• WHAT THE TASK ASKS:
Without the images, write out all of the following entries exactly.

• DATA FOR REVIEW:
:::

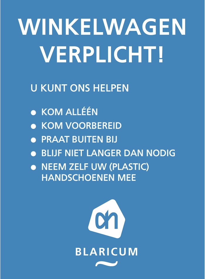– winkelwagentje verplicht – als deze allemaal in gebruik zijn, is het maximaal toegestane aantal klanten in de winkel
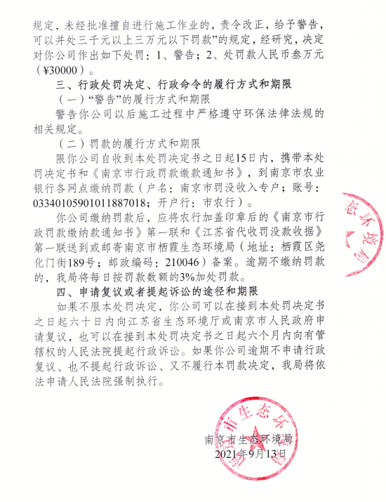 南京市生态环境局处罚决定日期为2021年9月13日。
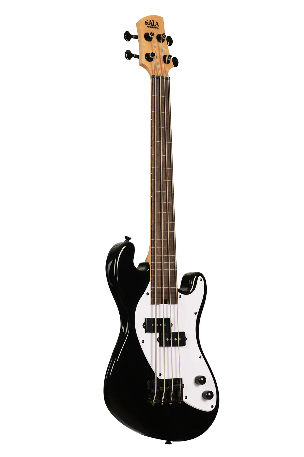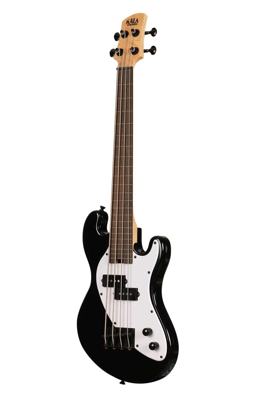 Kala UBASS-SB-BK-FL Basse ukulélé fretless 4 cordes Solid Body (Noir de jais)
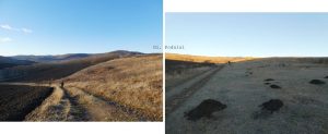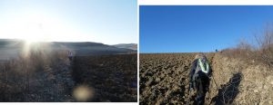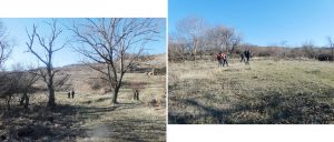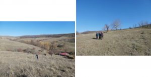Coborâm spre valea Mârzei, țintind breșa făcută de turmele de oi prin gardul de păducel și măceș ce ne taie calea, pe undeva, pe la mijlocul pantei.
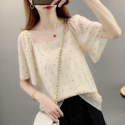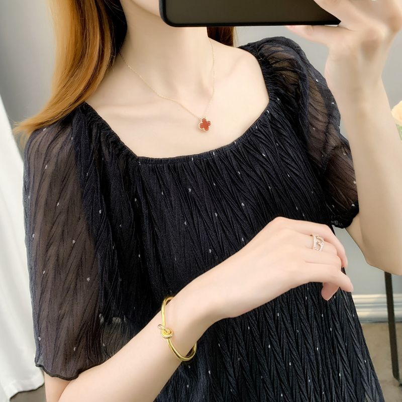 | nameOriginal | Summer New Elegant Tulle Mesh Chiffon Shirt Loose Slimming Casual plus size Women's Clothing Hong Kong Wind Feifei Sleeve Top |
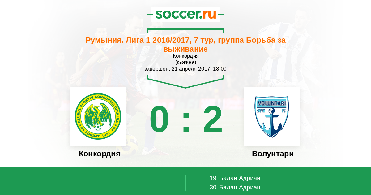 Конкордия - Волунтари: обзор матча 21 апреля 2017
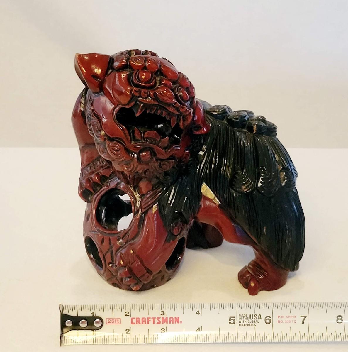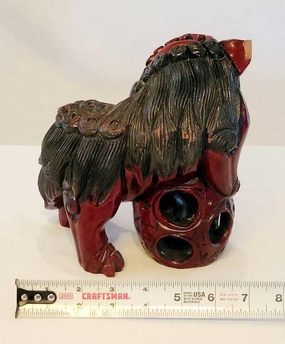 Vintage Mid Century Modern Chinese Carved Red Foo Dog with Floating Ball

:::

• EXERCISE SOLUTION:
– winkelwagentje verplicht – als deze allemaal in gebruik zijn, is het maximaal toegestane aantal klanten in de winkel
 南京市生态环境局处罚决定日期为2021年9月13日。
 Kala UBASS-SB-BK-FL Basse ukulélé fretless 4 cordes Solid Body (Noir de jais)
Coborâm spre valea Mârzei, țintind breșa făcută de turmele de oi prin gardul de păducel și măceș ce ne taie calea, pe undeva, pe la mijlocul pantei.
 | nameOriginal | Summer New Elegant Tulle Mesh Chiffon Shirt Loose Slimming Casual plus size Women's Clothing Hong Kong Wind Feifei Sleeve Top |
 Конкордия - Волунтари: обзор матча 21 апреля 2017
 Vintage Mid Century Modern Chinese Carved Red Foo Dog with Floating Ball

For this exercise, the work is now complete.